#### Exercise details
Beginning with the line that holds "Get organized with", copy each line to the end of the records exactly, except the pictures.

#### Recorded data
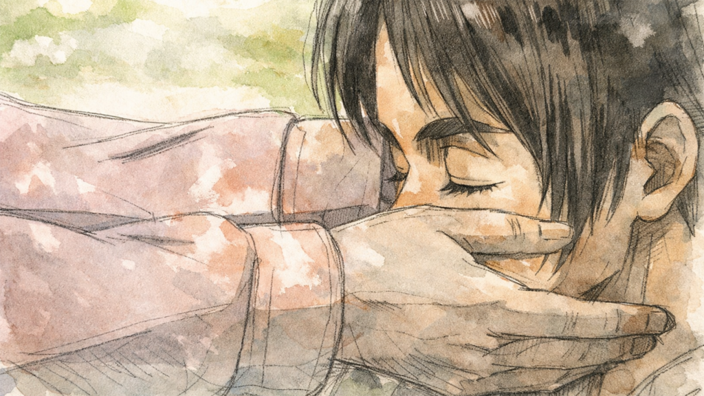 エレンが木の下で見たのは「いま起きている出来事」ではなく、あとから意味が立ち上がる記憶の断片だからです。普通の夢なら目覚めれば薄れていきますが、1話の夢は涙や感覚が残り、ミカサの呼びかけと結びつくことで違和感を強調しています。
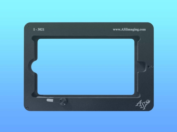 The I-3021 insert provides a 127.5 mm by 76.7 mm (5.02″ x 3.02″) opening to hold a PARC 3×5 slide. The unit is recessed to place the bottom of the slide about 7.2 mm below the top of the insert. Angled slider for secure stability.
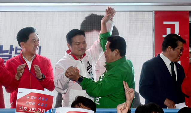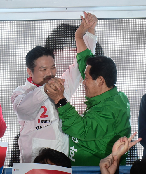 10·11 서울 강서구청장 보궐선거에 나선 김태우 국민의힘 후보와 이명호 우리공화당 후보가 5일 오후 서울 강서구 화곡역사거리에서 열린 김 후보의 집중유세에서 단일화 발표 후 손을 들어 인사하고 있다.
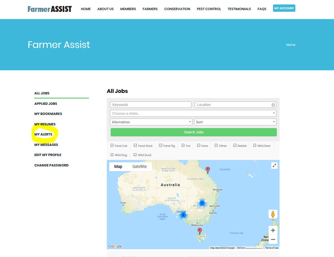 Step one is to log into the SSAA Farmer Assist portal and select My Alerts from the menu.
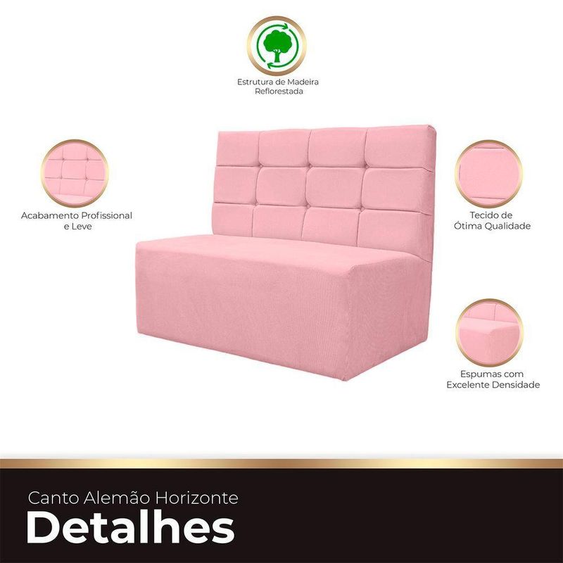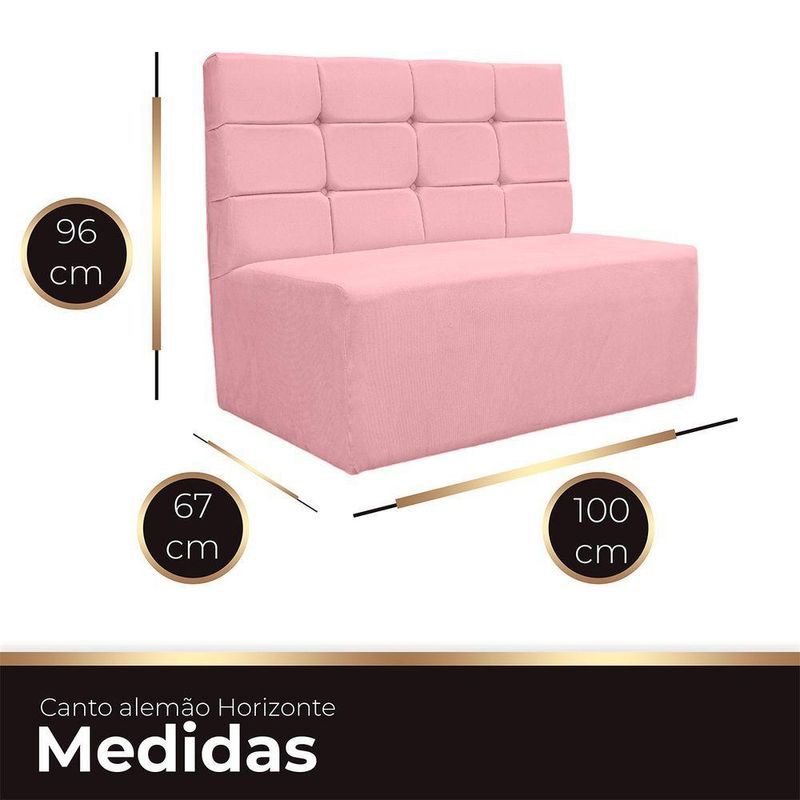 Canto Alemão Confortável Para Apartamento Cozinha E Restaurantes Veludo Cor Rosa BebeExplore um novo patamar de elegância com o Canto Alemão, uma peça estilosa, moderna e romântica,com detalhe em cortes no encosto no formato quadrado e com botões na cor do tecido, perfeita para otimizar espaços em apartamentos, cozinhas e restaurantes. Seu estofado confortável transforma qualquer ambiente em um convite ao relaxamento. Invista nesse móvel que une estilo e funcionalidade de maneira única, tornando cada momento ainda mais especial. Transforme seu espaço com a modernidade e charme do Canto Alemão.ESPECIFICAÇÕESEn;Revestimento: Tecido Veludo;Espuma: de alta densidade;DIMENSÕES DO CANTO ALEMÃOAltura total: 96cm;Largura total: 100cm;Profundidade total: 67cm;Peso: 16kg.A GARANTIA É DE FÁBRICA, mas também uma garantia que reflete nossa confiança no que fazemos.Ao escolher comprar conosco, você recebe não apenas um produto excepcional, mas também a tranquilidade de saber que estamos ao seu lado. Se, por qualquer motivo, seu produto apresentar algum problema nos próximos noventa dias, como fabricantes, estamos aqui para oferecer total assistência.Nossa prioridade é garantir que sua experiência de compra seja não apenas satisfatória, mas excepcional. Queremos que você tenha a certeza de estar negociando com uma empresa que valoriza, acima de tudo, a confiança mútua com seus clientes. Sua satisfação é a nossa maior recompensa.CUIDADOS COM A LIMPEZAUtilizar um pano limpo e seco. Não limpar com produtos abrasivos ou escovas. Não deixar exposta à luz do sol diretamente pois isso irá diminuir a vida útil do produto, fazendo-o envelhecer precocemente. Este produto não é recomendado para ambientes externos onde possa receber chuva.MONTAGEM- O Canto alemão chegara montado.INFORMAÇÕES IMPORTANTES- Todos os produtos vão embalados com total segurança;-;- Objetos decorativos que aparecem na foto não acompanham o produto;- Pode haver alguma diferença de tonalidade entre a imagem e o produto real, por conta do tratamento de imagens e a calibração de cores do seu monitor;- Por se tratar de estofado as medidas podem ter uma pequena variação em até 3 cm;- Confira as dimensões do produto e certifique-se de que passará normalmente por supostos elevadores, portas, escadas e/ou corredores de sua residência, ;- Havendo despesas adicionais, serão de responsabilidade do cliente.
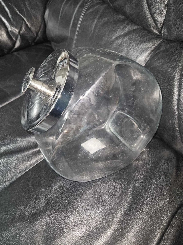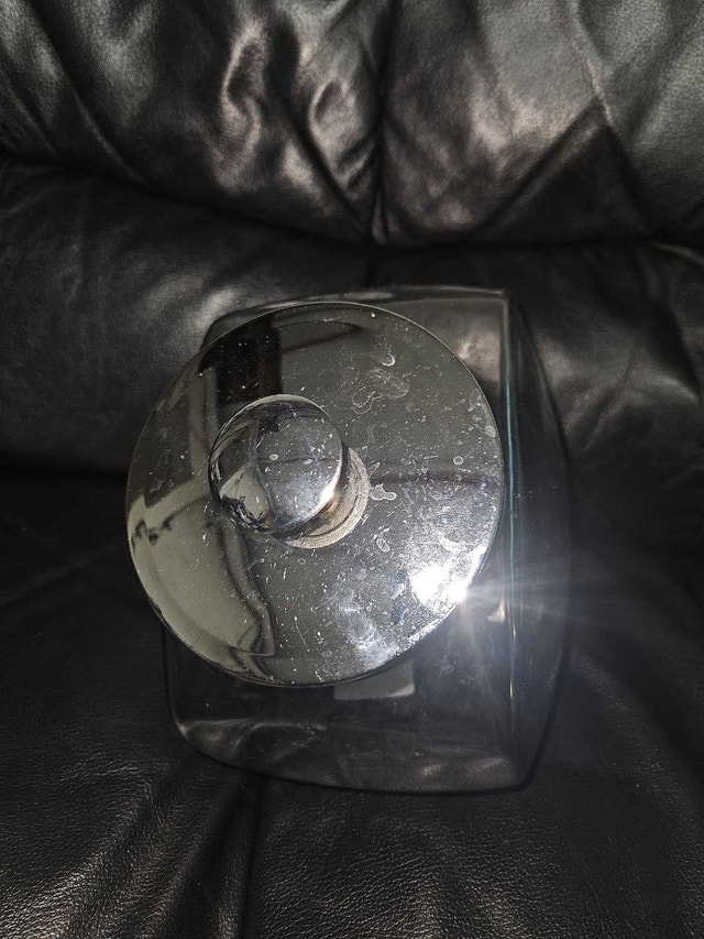 Get organized with these four large glass jars, each featuring a sleek chrome lid! These jars are in used condition, showing some signs of wear. They're perfect for storing everything from pantry staples to craft supplies, adding a touch of vintage charm to any space. Similar jars sell for around $15-$30 each. Get all four for $15!
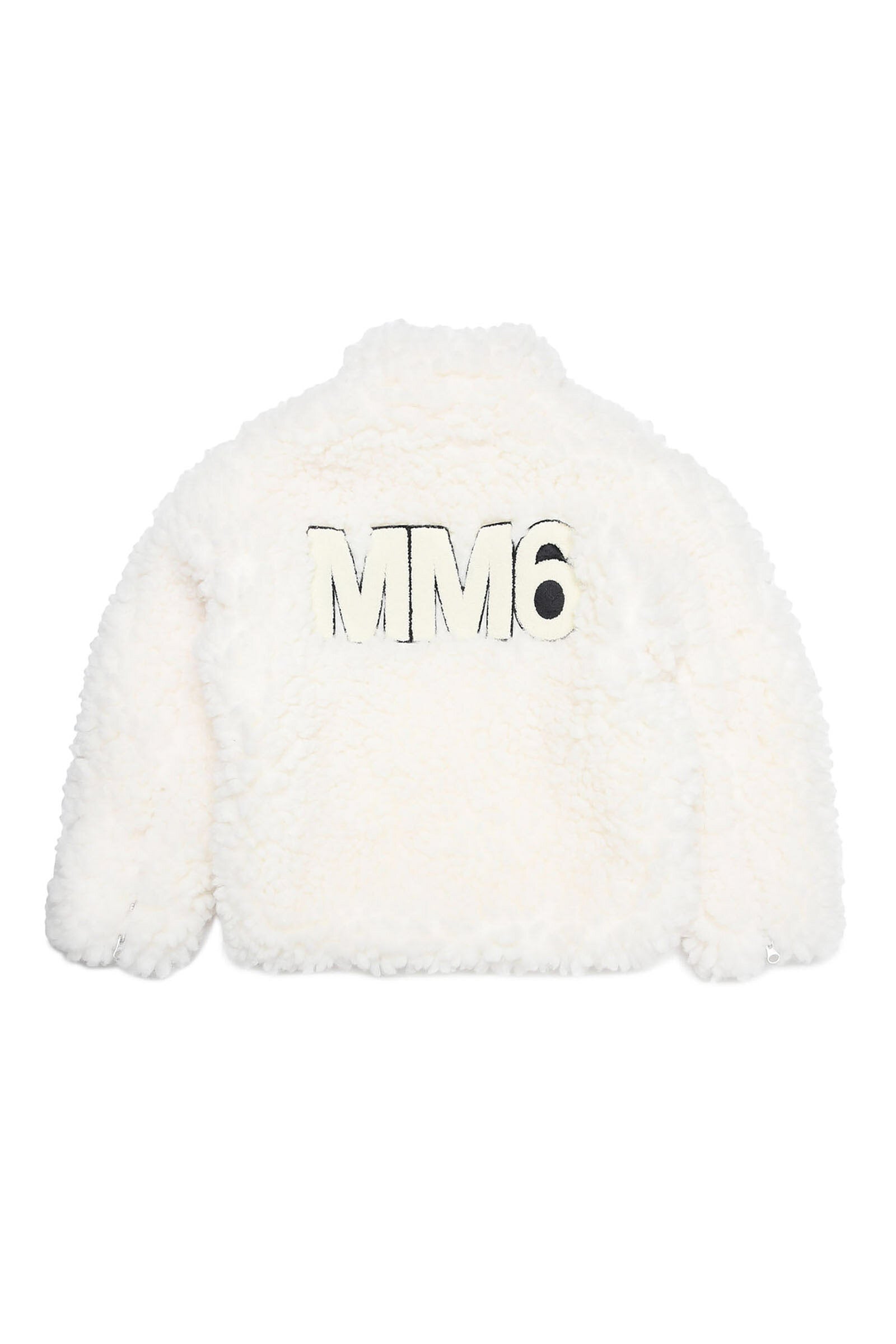 White teddy jacket with slanted zips

#### Response to this task
 Get organized with these four large glass jars, each featuring a sleek chrome lid! These jars are in used condition, showing some signs of wear. They're perfect for storing everything from pantry staples to craft supplies, adding a touch of vintage charm to any space. Similar jars sell for around $15-$30 each. Get all four for $15!
 White teddy jacket with slanted zips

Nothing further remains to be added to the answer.